BU.510.650 – Data Analytics Assignment # 5
Hello, dear friend, you can consult us at any time if you have any questions, add WeChat: daixieit
BU.510.650 – Data Analytics
Assignment # 5
Please submit two documents: Your answers to each part of every question in .pdf or .doc format, and your R script, in .R format. In your document with answers, please do not respond with R output only. While it is okay to include R output in that document, please make sure you spell out the response to the question asked. Please submit your assignment through Blackboard and name your files using the convention LastName_FirstName_AssignmentNumber. For example, Yazdi_Mohammad_5.pdf and Yazdi_Mohammad_5.R.
For answering questions 1 and 2: Please watchAdvertising ExampleandToyota Examplerecording of class, explaining Linear Regression in R.

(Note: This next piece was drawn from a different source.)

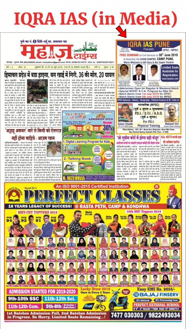 IQRA IAS Conducted Successful Seminar on 30 June 2019, at PUNE

For answering questions 3: Please watchLogistic Regression in Rrecording of class, explaining Logistic Regression in R.
1. This question involves the use of simple linear regression on the Bikeshare data set (adapted from a data set of bike rentals from DC’s Capital Bikeshare system – see the following url for details: https://archive.ics.uci.edu/ml/datasets/bike+sharing+dataset). The following is a brief description of the data, which is in the file Bikeshare.csv on Blackboard.

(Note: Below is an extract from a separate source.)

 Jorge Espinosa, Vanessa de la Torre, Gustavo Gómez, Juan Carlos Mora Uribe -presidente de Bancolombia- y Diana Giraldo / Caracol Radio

• Temperature – normalized temperature in Celsius, derived according to: (temperature on that day - t_min)/(t_max - t_min), where t_min = -8, t_max = +39 (minimum and maximum temperatures encountered during the time period the data was collected).
• Humidity – normalized humidity, derived according to: Humidity (measured on a scale of 0 to 100) on that day / 100.
• Windspeed – normalized windspeed in km/h, derived according to: Windspeed on that day / wind_max, where wind_max = 67, the fastest wind encountered during the time period the data was collected.
• Rentals – number of bikes rented on that day.
Hint: Keep the dataset in the normalized values and do NOT change the normalized to original values.
a) First, read the data in Bikeshare.csv to a data frame called Bikeshare. Use the lm() function to run a simple linear regression with “Rentals” as the output variable and “Temperature” as the input variable. Use the summary() function to print the results.
• Comment on the output. Specifically: Does temperature have a statistically significant effect on the number of rentals?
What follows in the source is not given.